#### Entries supplied
● ● ●

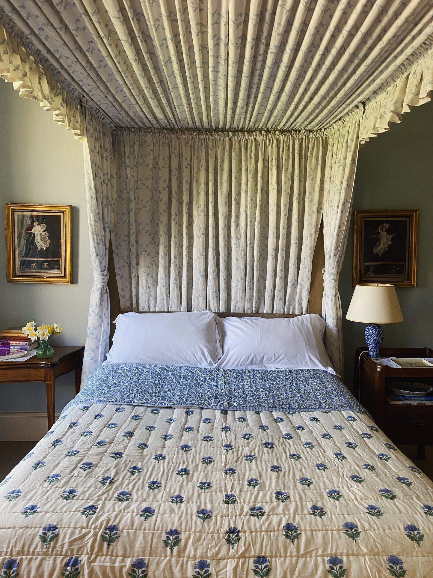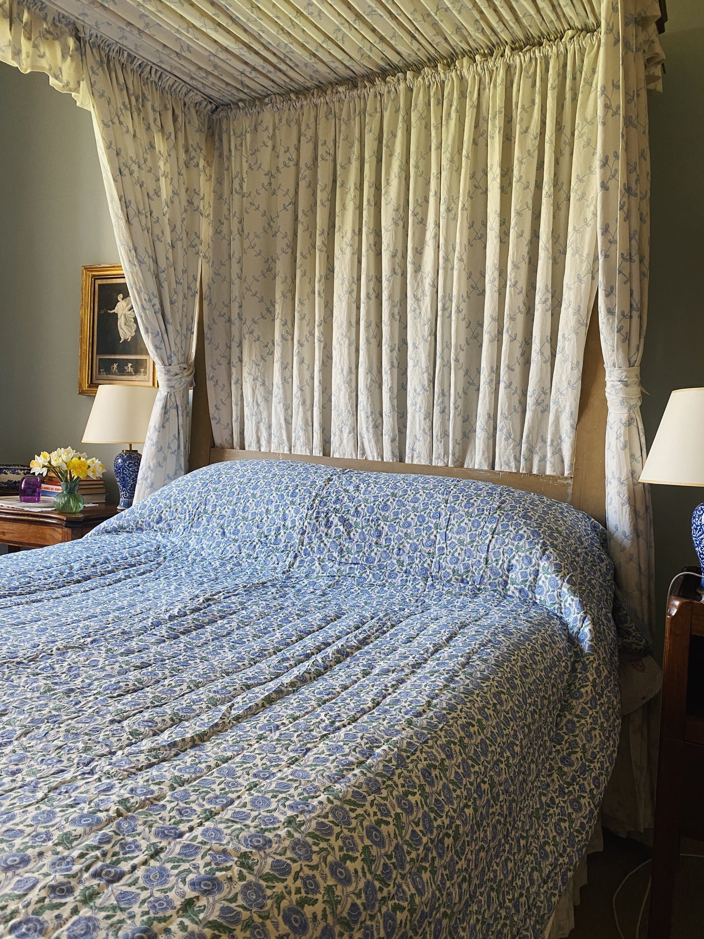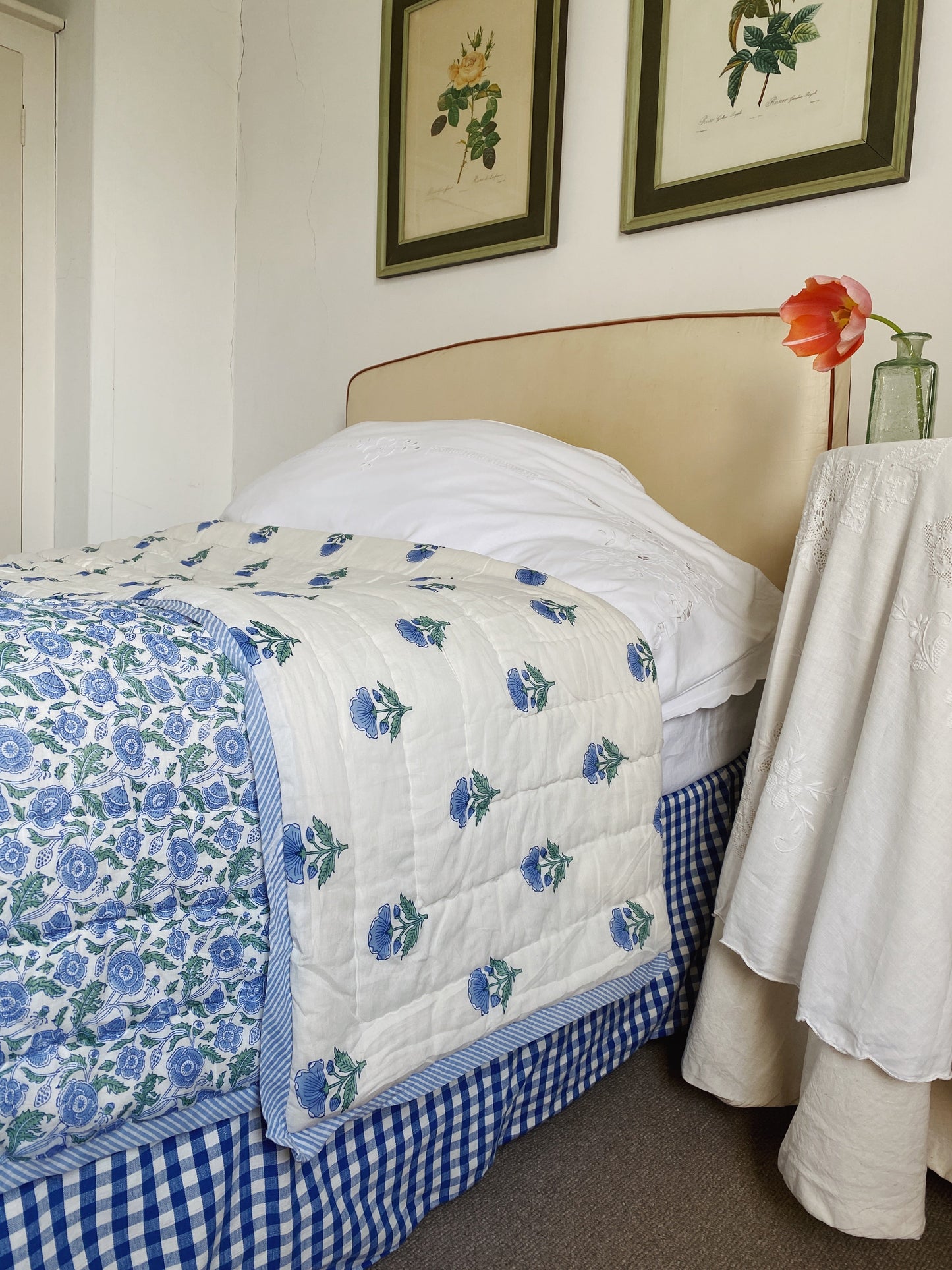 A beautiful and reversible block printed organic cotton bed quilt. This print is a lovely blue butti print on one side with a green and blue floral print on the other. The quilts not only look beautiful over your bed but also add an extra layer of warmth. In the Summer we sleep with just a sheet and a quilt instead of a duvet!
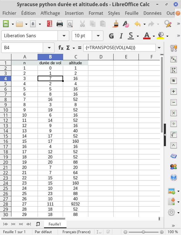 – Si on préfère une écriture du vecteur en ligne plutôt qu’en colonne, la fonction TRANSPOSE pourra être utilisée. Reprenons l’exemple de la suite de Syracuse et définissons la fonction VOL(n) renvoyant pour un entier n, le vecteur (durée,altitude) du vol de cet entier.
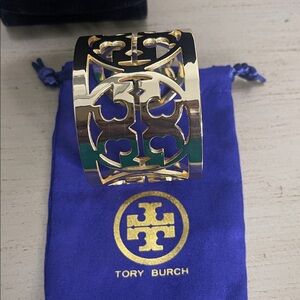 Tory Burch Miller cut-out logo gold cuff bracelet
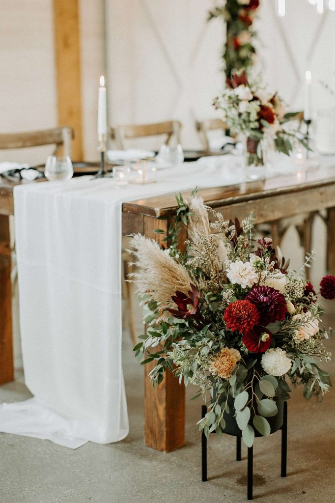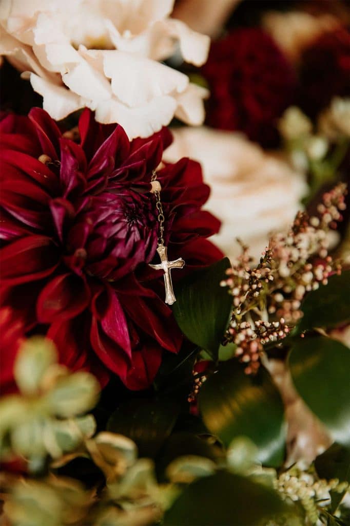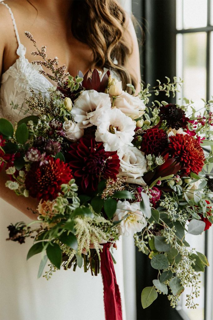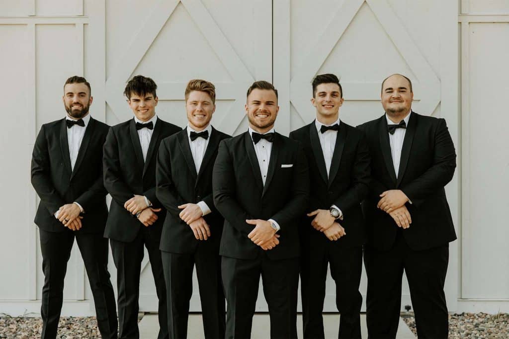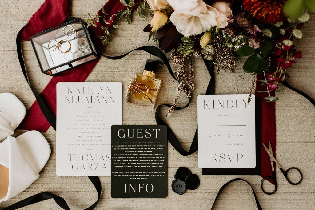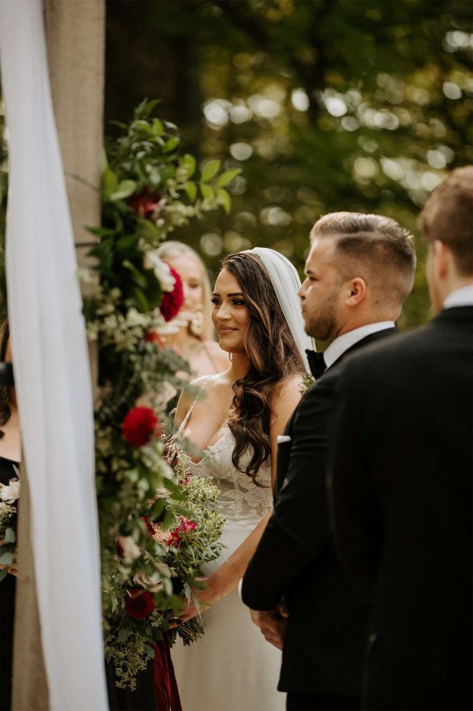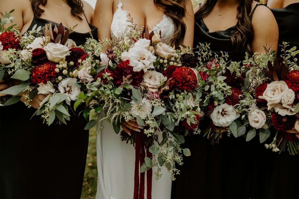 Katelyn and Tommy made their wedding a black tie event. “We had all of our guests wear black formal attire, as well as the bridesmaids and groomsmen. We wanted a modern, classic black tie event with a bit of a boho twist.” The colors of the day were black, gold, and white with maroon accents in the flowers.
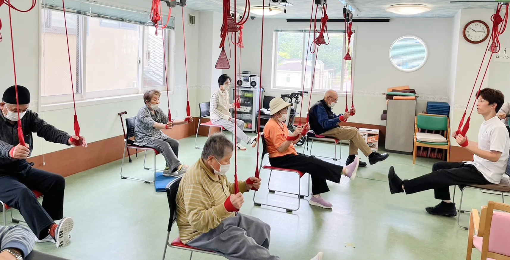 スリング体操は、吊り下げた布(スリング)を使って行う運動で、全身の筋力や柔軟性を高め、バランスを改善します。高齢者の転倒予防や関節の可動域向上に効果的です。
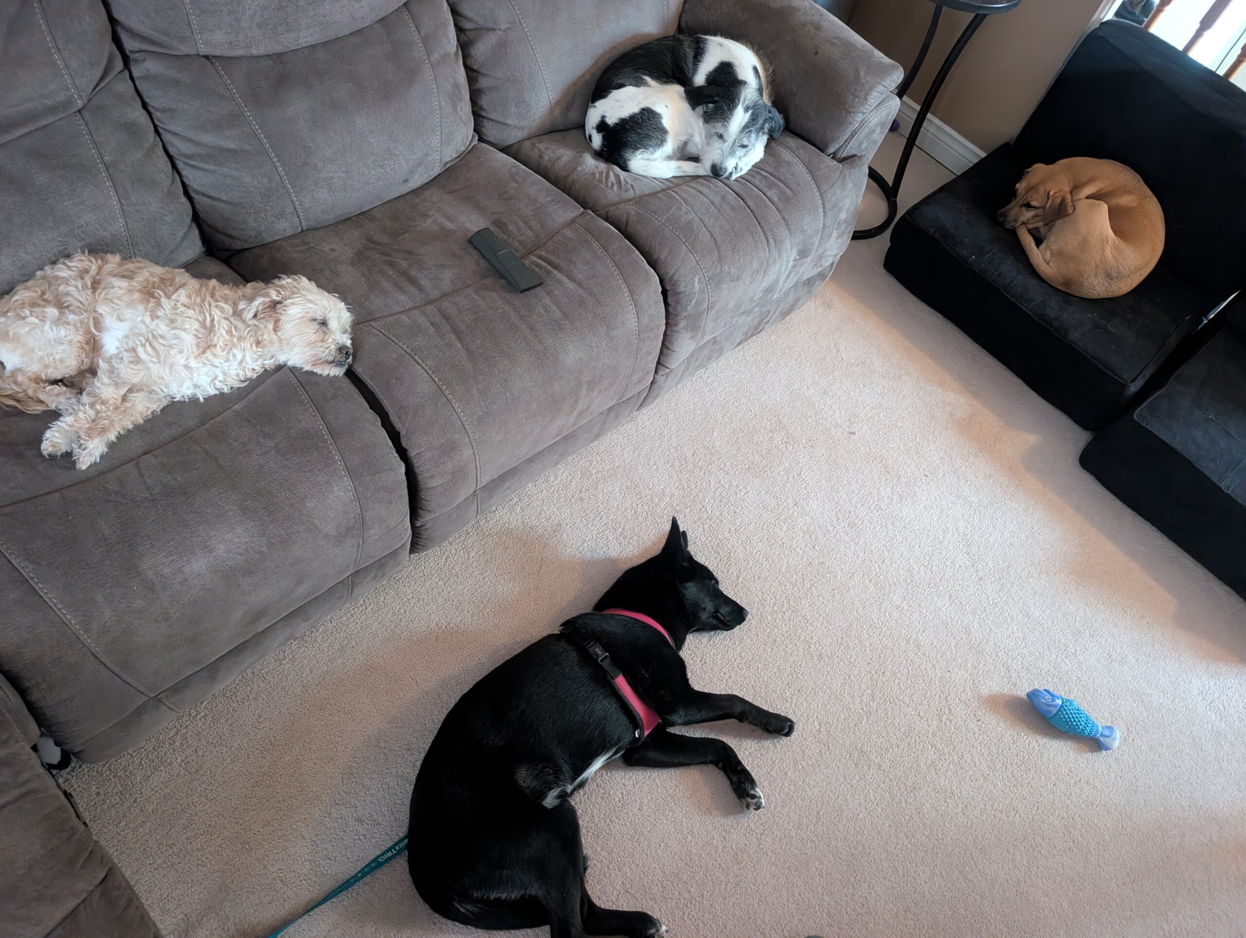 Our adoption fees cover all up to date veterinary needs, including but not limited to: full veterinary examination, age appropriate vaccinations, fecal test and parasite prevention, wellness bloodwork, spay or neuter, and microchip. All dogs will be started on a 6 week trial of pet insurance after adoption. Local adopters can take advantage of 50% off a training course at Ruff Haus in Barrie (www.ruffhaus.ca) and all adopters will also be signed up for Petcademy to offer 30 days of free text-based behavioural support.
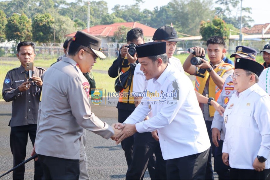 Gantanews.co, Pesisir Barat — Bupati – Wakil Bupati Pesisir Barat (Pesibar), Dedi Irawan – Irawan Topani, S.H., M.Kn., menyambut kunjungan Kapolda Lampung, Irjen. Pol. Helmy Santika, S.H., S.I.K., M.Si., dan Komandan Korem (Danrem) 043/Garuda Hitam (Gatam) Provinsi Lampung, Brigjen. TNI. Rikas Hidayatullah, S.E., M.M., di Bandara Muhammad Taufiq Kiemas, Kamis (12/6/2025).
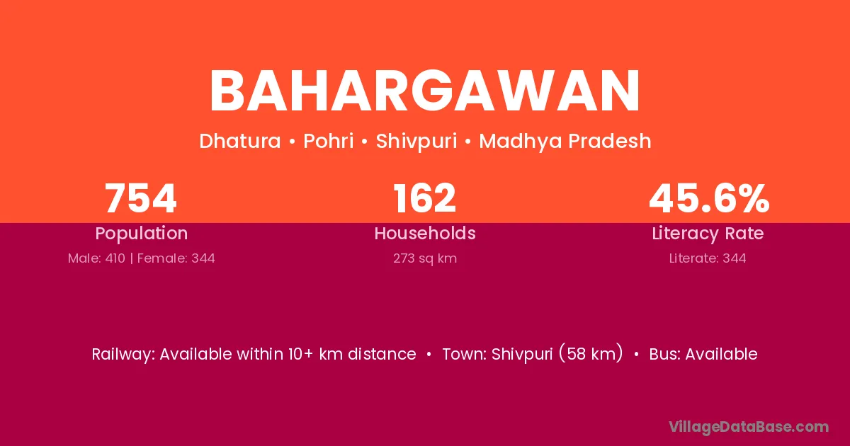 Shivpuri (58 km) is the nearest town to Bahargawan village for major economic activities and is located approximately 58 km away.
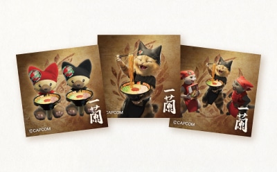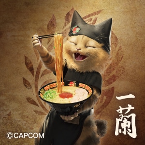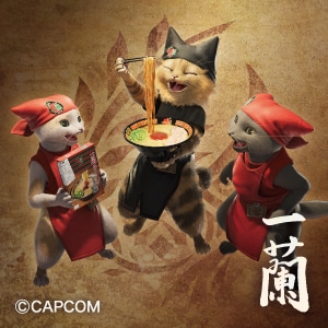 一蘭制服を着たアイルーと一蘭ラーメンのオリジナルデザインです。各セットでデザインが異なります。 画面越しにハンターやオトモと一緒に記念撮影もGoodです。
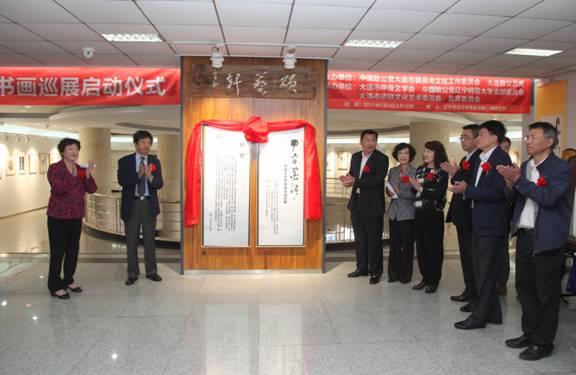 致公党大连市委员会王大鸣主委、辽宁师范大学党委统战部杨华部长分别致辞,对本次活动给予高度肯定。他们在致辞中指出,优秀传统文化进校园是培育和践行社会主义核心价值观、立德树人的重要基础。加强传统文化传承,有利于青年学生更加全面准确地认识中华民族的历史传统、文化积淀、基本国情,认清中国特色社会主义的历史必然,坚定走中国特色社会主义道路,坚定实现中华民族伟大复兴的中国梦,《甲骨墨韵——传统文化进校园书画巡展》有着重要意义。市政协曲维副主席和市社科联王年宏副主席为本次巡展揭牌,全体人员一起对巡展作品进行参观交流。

● ● ●

#### Goal of the exercise
Your answer must be the lines from the one containing "Katelyn and Tommy" through the last line of the records, printed exactly with no pictures; please include both ends.

#### Solution for this exercise
 Katelyn and Tommy made their wedding a black tie event. “We had all of our guests wear black formal attire, as well as the bridesmaids and groomsmen. We wanted a modern, classic black tie event with a bit of a boho twist.” The colors of the day were black, gold, and white with maroon accents in the flowers.
 スリング体操は、吊り下げた布(スリング)を使って行う運動で、全身の筋力や柔軟性を高め、バランスを改善します。高齢者の転倒予防や関節の可動域向上に効果的です。
 Our adoption fees cover all up to date veterinary needs, including but not limited to: full veterinary examination, age appropriate vaccinations, fecal test and parasite prevention, wellness bloodwork, spay or neuter, and microchip. All dogs will be started on a 6 week trial of pet insurance after adoption. Local adopters can take advantage of 50% off a training course at Ruff Haus in Barrie (www.ruffhaus.ca) and all adopters will also be signed up for Petcademy to offer 30 days of free text-based behavioural support.
 Gantanews.co, Pesisir Barat — Bupati – Wakil Bupati Pesisir Barat (Pesibar), Dedi Irawan – Irawan Topani, S.H., M.Kn., menyambut kunjungan Kapolda Lampung, Irjen. Pol. Helmy Santika, S.H., S.I.K., M.Si., dan Komandan Korem (Danrem) 043/Garuda Hitam (Gatam) Provinsi Lampung, Brigjen. TNI. Rikas Hidayatullah, S.E., M.M., di Bandara Muhammad Taufiq Kiemas, Kamis (12/6/2025).
 Shivpuri (58 km) is the nearest town to Bahargawan village for major economic activities and is located approximately 58 km away.
 一蘭制服を着たアイルーと一蘭ラーメンのオリジナルデザインです。各セットでデザインが異なります。 画面越しにハンターやオトモと一緒に記念撮影もGoodです。
 致公党大连市委员会王大鸣主委、辽宁师范大学党委统战部杨华部长分别致辞,对本次活动给予高度肯定。他们在致辞中指出,优秀传统文化进校园是培育和践行社会主义核心价值观、立德树人的重要基础。加强传统文化传承,有利于青年学生更加全面准确地认识中华民族的历史传统、文化积淀、基本国情,认清中国特色社会主义的历史必然,坚定走中国特色社会主义道路,坚定实现中华民族伟大复兴的中国梦,《甲骨墨韵——传统文化进校园书画巡展》有着重要意义。市政协曲维副主席和市社科联王年宏副主席为本次巡展揭牌,全体人员一起对巡展作品进行参观交流。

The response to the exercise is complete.